START INPUT MATERIAL

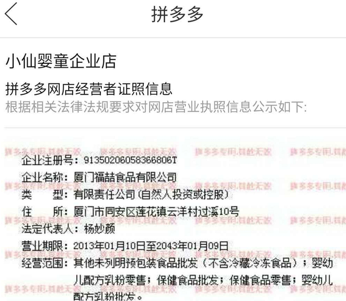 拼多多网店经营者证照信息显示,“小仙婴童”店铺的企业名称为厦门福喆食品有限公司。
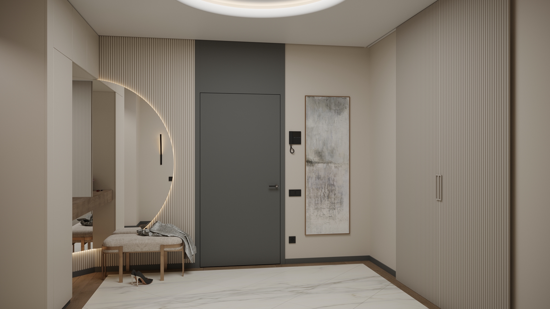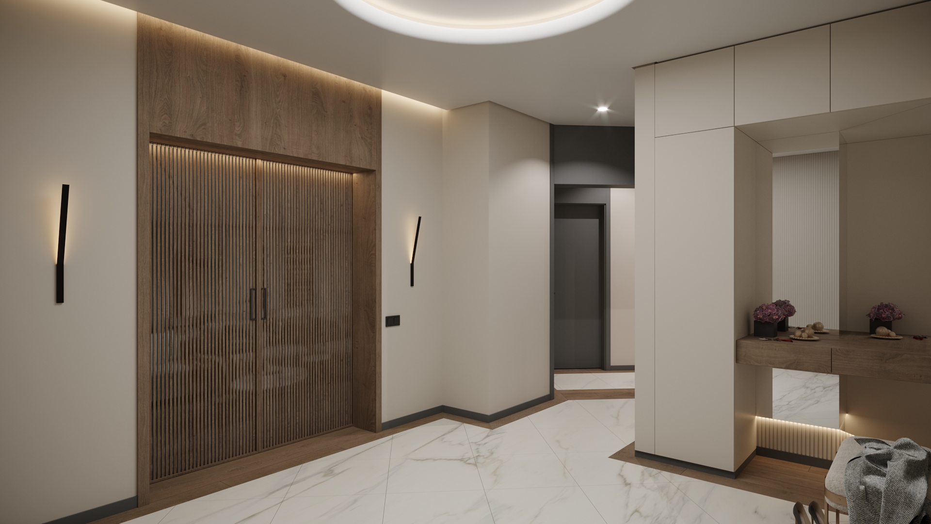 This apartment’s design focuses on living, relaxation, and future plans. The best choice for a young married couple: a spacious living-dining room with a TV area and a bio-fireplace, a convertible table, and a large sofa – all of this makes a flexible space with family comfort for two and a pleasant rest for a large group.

END INPUT MATERIAL
START INPUT MATERIAL

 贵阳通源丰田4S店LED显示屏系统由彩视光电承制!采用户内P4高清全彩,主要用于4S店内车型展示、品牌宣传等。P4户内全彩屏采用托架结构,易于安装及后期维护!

END INPUT MATERIAL
START INPUT MATERIAL

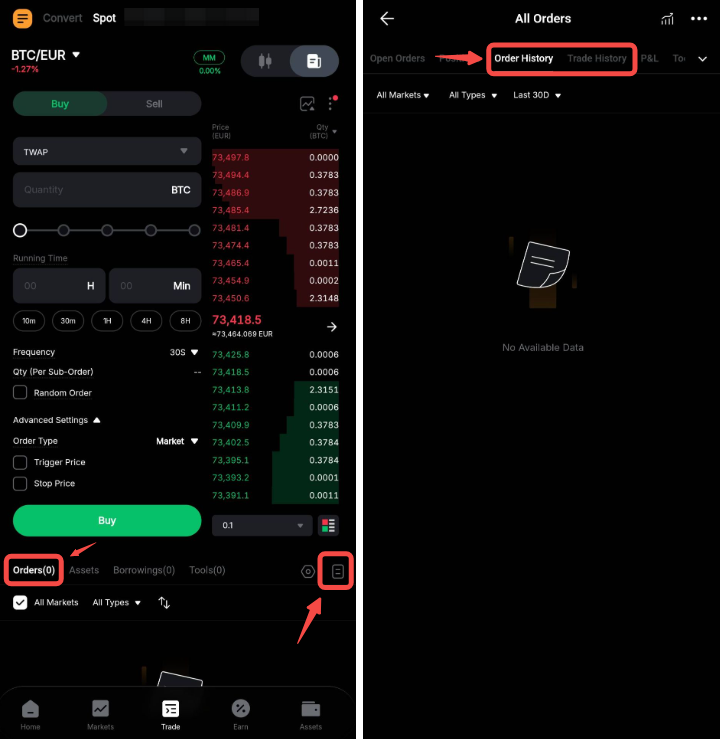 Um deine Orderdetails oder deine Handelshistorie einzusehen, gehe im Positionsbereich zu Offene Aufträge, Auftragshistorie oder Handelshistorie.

END INPUT MATERIAL

TASK TO CARRY OUT -
From the records above, copy exactly the stretch from the line holding "拼多多网店经营者证照信息显示" through the line holding "This apartment’s design", both ends included, without the pictures.

TASK RESPONSE -
 拼多多网店经营者证照信息显示,“小仙婴童”店铺的企业名称为厦门福喆食品有限公司。
 This apartment’s design focuses on living, relaxation, and future plans. The best choice for a young married couple: a spacious living-dining room with a TV area and a bio-fireplace, a convertible table, and a large sofa – all of this makes a flexible space with family comfort for two and a pleasant rest for a large group.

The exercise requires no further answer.